TIMESTAMP WITH LOCAL TIME ZONE includes time zone information, but unlike the TIMESTAMP WITH TIME ZONE datatype. It does not store the time zone displacement in additional bytes of storage. Instead, it stores the time values normalized in terms of the database time zone. When user attempts to retrieve this information, the database dispalys the information in terms of local time zone of the user's session.

Let us create a table with this data type.

SQL> create table calltrack(
2 callnum integer,
3 calltime timestamp(4) with local time zone);

Table created.

SQL> insert into calltrack values(1,sysdate);

1 row created.

SQL> select calltime from calltrack;

CALLTIME
---------------------------------------------------------------------------
24-OCT-08 10.58.34.0000 AM
SQL>

Now the date is displaying with Eastern US time. Now let us change the database time zone to Pacific time on session level.

SQL> ALTER SESSION SET TIME_ZONE = 'PST';

Session altered.

SQL> select calltime from calltrack;

CALLTIME
---------------------------------------------------------------------------
24-OCT-08 07.58.34.0000 AM

SQL>

INTERVAL DAY TO SECOND can store a time interval value in terms of days, hours, minutes and seconds. We can specify the precision for the number of days in a range from 0 to 9, the default being 2. We can also specify the precision for the fractional seconds in a range from 0 to 9, the default being 6.

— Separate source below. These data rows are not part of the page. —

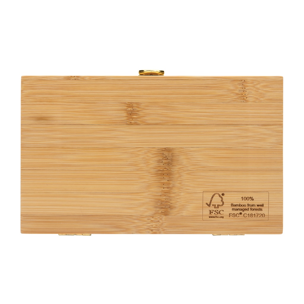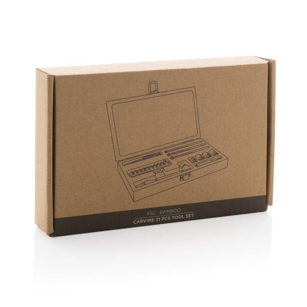 Tool set with 21 pcs in luxury FSC® 100% bamboo case. The set contains 3 screwdrivers, 10 bits in holder, 4 sockets, 1pc handle, 1pc connector, 1pc small cutter. Packed in FSC® mix kraft packaging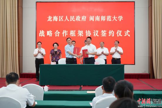 闽南师大党委书记吴彬镪,党委副书记、校长李顺兴,党委常委、副校长蒋一婷,党委常委、副校长林致远,中共龙海区委书记黄劲武,区委副书记、区长陈艺章,区领导张文彬、林文生出席签约仪式。签约仪式由龙海区区委常委、组织部长林文生主持。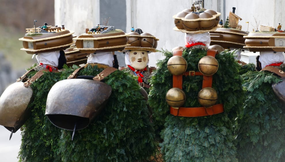 在傳統儀式Sylvesterchlausen,打扮成「Chlaeuse」的人們背起牛鈴或鈴鐺行走在村落之間,要藉此嚇走惡靈。
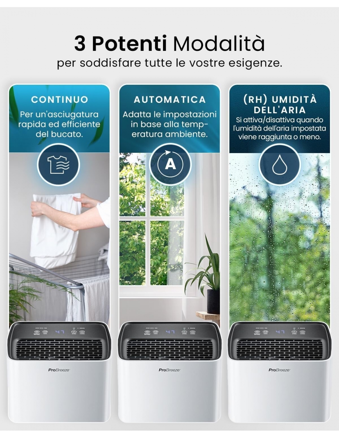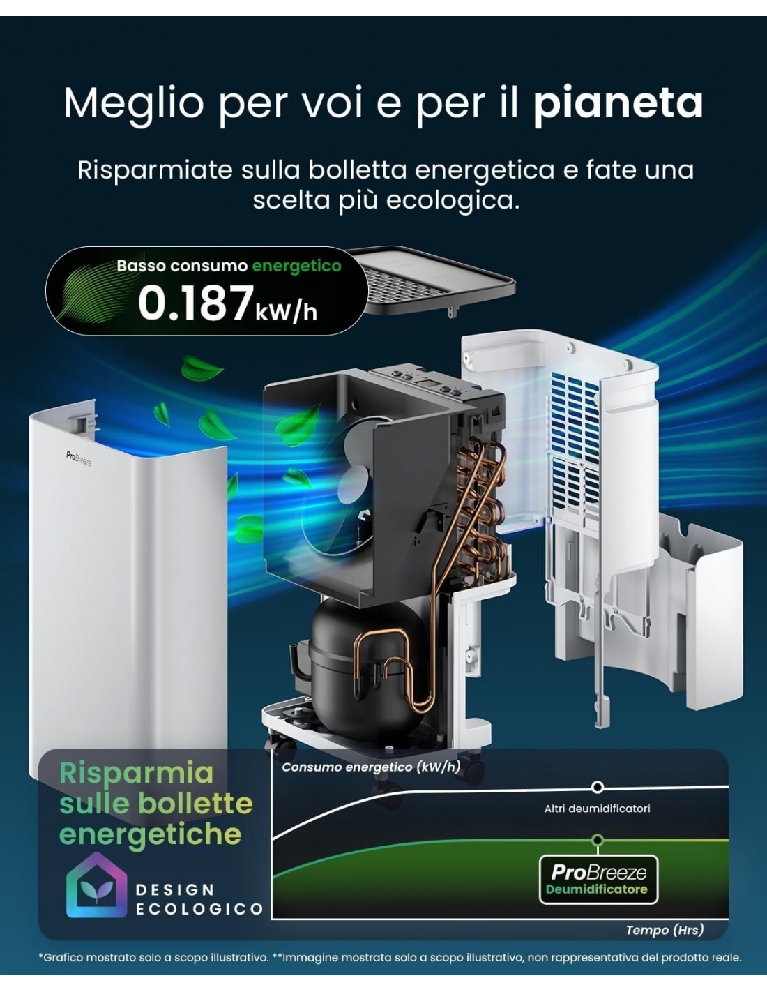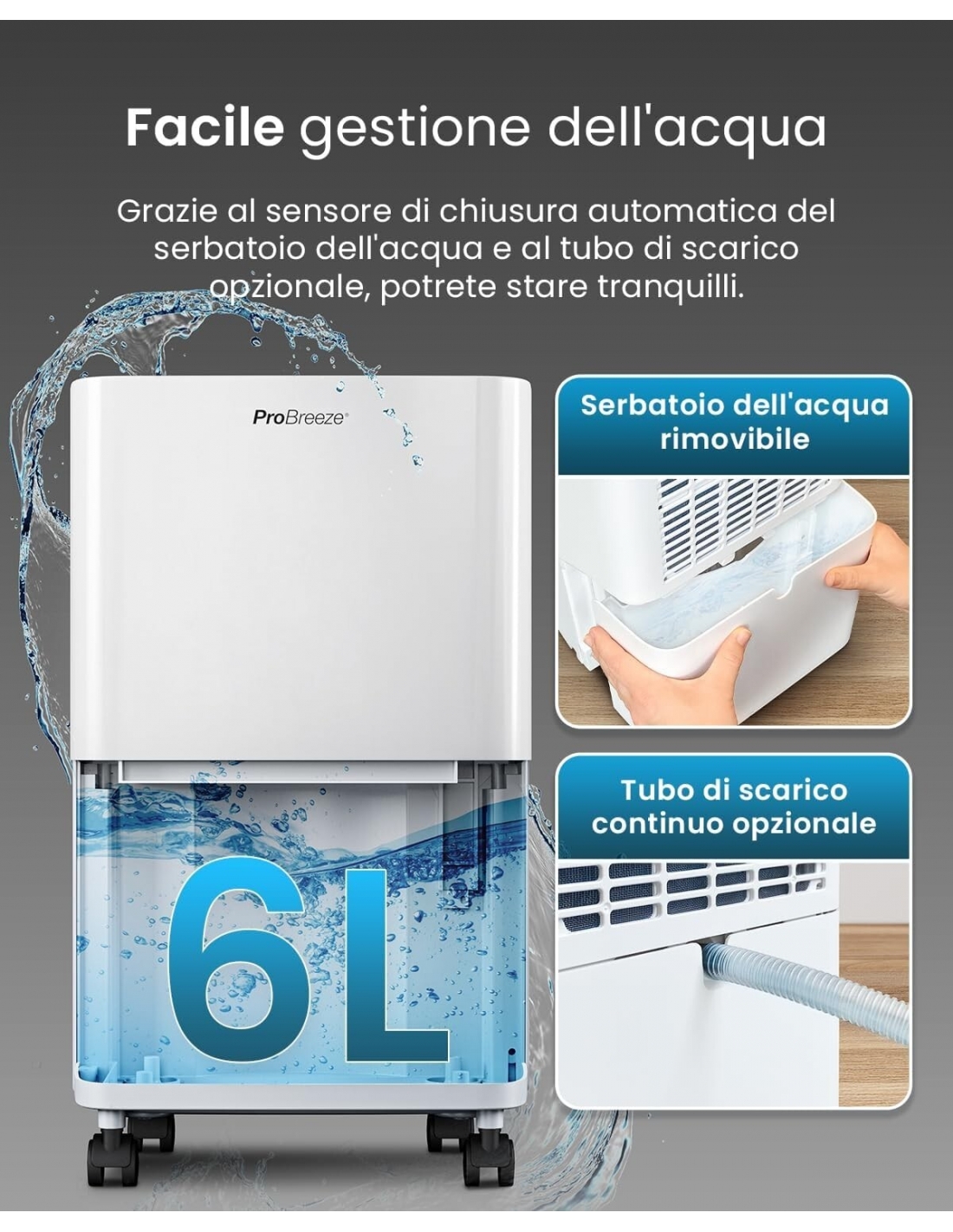 - BASSO CONSUMO ENERGETICO: Il deumidificatore a risparmio energetico da 6 litri/giorno di Pro Breeze è dotato di un potente compressore, un timer di accensione/spegnimento 24 ore su 24 e un sistema di spegnimento automatico per il risparmio energetico, aiutandoti a ridurre le fatture energetiche. È ideale per combattere umidità, muffa nera, condensa e umidità nelle abitazioni, con costi di gestione di soli 4,5 centesimi di euro all'ora.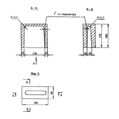 Камни для кладки стен КСР-ПР-ПС 19. Унифицированные изделия, имеющие прямоугольную форму с рядом конструктивных особенностей в виде выступов, углублений и отверстий.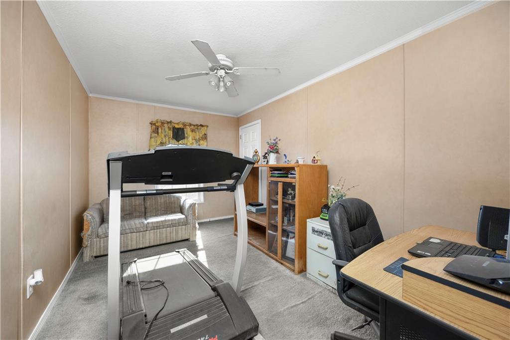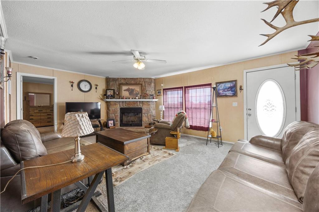 Sometimes all you really want is space, a good view, and a little peace and quiet. This 3-bedroom, 2-bath manufactured home sits on 27± fenced acres just west of Coffeyville with easy access to Hwy 166. The home offers a functional layout for easy living. In the living room you will find a wood-burning fireplace for cold winter nights. The eat-in kitchen has a small island with storage underneath. The primary bedroom has an en suite bathroom featuring a stall shower and jacuzzi tub- perfect for soaking the stress away. The land is fully fenced with a cattle guard by the house and chain-link fencing in the backyard, making it ideal for livestock or pets. A two-car carport and storage shed provide added convenience. The pond is the standout feature—perfect for fishing, relaxing, and enjoying quiet country evenings. The home does need some updates, including hail-damaged siding on the west side and carpet replacement, offering buyers an opportunity to update and add value. A deck in the backyard is ready for repair and personalization. This property offers open pasture, scenic views, and peaceful country living with close proximity to town. Call to schedule a tour today!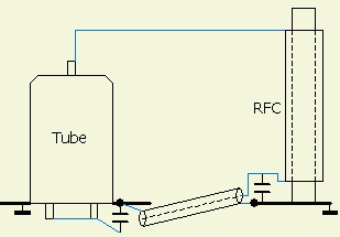 De anodesmoorspoel RFC2 is met 4.7 nF ontkoppeld naar aarde, maar een nog betere ontkoppeling kan via een stuk coaxkabel, RG52 voor 2000 V en RG213 voor 5000 V, naar het aardpunt van het rooster. De binnenader en de afscherming staan parallel aan 4.7 nF. Zo wordt als het ware de ontkoppelcondensator via de kabelcapaciteit verlegd naar het aardpunt van de buis. De afscherming van het stukje coaxkabel is aan beide uiteinden zo dicht mogelijk bij de smoorspoel en het rooster geaard.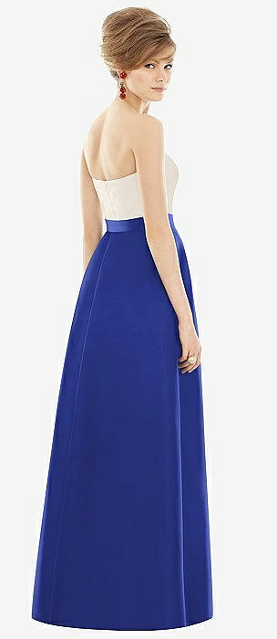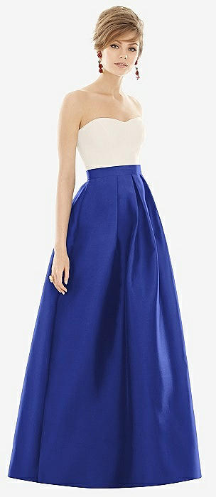 Strapless Pleated Skirt Maxi Dress with Pockets in cobalt blue

SQL CREATE TABLE promotions (
2 promotion_id INTEGER,
3 name VARCHAR2(30),
4 duration INTERVAL DAY(3) TO SECOND (4))
5 /

Table created.

SQL
SQL
SQL INSERT INTO promotions (promotion_id, name, duration)
2 VALUES (1, '10% off Z Files', INTERVAL '3' DAY);

1 row created.

SQL
SQL INSERT INTO promotions (promotion_id, name, duration)
2 VALUES (2, '20% off Pop 3', INTERVAL '2' HOUR);

1 row created.

SQL
SQL INSERT INTO promotions (promotion_id, name, duration)
2 VALUES (3, '30% off Modern Science', INTERVAL '25' MINUTE);

1 row created.

SQL
SQL INSERT INTO promotions (promotion_id, name, duration)
2 VALUES (4, '20% off Tank War', INTERVAL '45' SECOND);

1 row created.

SQL
SQL INSERT INTO promotions (promotion_id, name, duration)
2 VALUES (5, '10% off Chemistry', INTERVAL '3 2:25' DAY TO MINUTE);

1 row created.

SQL
SQL INSERT INTO promotions (promotion_id, name, duration)
2 VALUES (6, '20% off Creative Yell',
3 INTERVAL '3 2:25:45' DAY TO SECOND);

1 row created.

SQL
SQL INSERT INTO promotions (promotion_id, name, duration)
2 VALUES (7, '15% off My Front Line',
3 INTERVAL '123 2:25:45.12' DAY(3) TO SECOND(2));

1 row created.

scott@orcl> INSERT INTO promotions (promotion_id, name, duration)
2 VALUES (7, '15% off My Front Line',
3 INTERVAL '1253 2:25:45.12' DAY(3) TO SECOND(2));
INTERVAL '1253 2:25:45.12' DAY(3) TO SECOND(2))
*
ERROR at line 3:
ORA-01873: the leading precision of the interval is too small

scott@orcl> INSERT INTO promotions (promotion_id, name, duration)
2 VALUES (7, '15% off My Front Line',
3 INTERVAL '153 2:25:415.12' DAY(3) TO SECOND(2))
4 select duration from promotions;
INTERVAL '153 2:25:415.12' DAY(3) TO SECOND(2))
*
ERROR at line 3:
ORA-01852: seconds must be between 0 and 59

scott@orcl>
SQL select duration from promotions;

DURATION
-------------------------------------------------------------------------
+003 00:00:00.0000
+000 02:00:00.0000
+000 00:25:00.0000
+000 00:00:45.0000
+003 02:25:00.0000
+003 02:25:45.0000
+123 02:25:45.1200

7 rows selected.

SQL
INTERVAL YEAR TO MONTH can store time interval value in terms of years and months. We can specify the precision for the number of years in a range from 0 to , default being 2.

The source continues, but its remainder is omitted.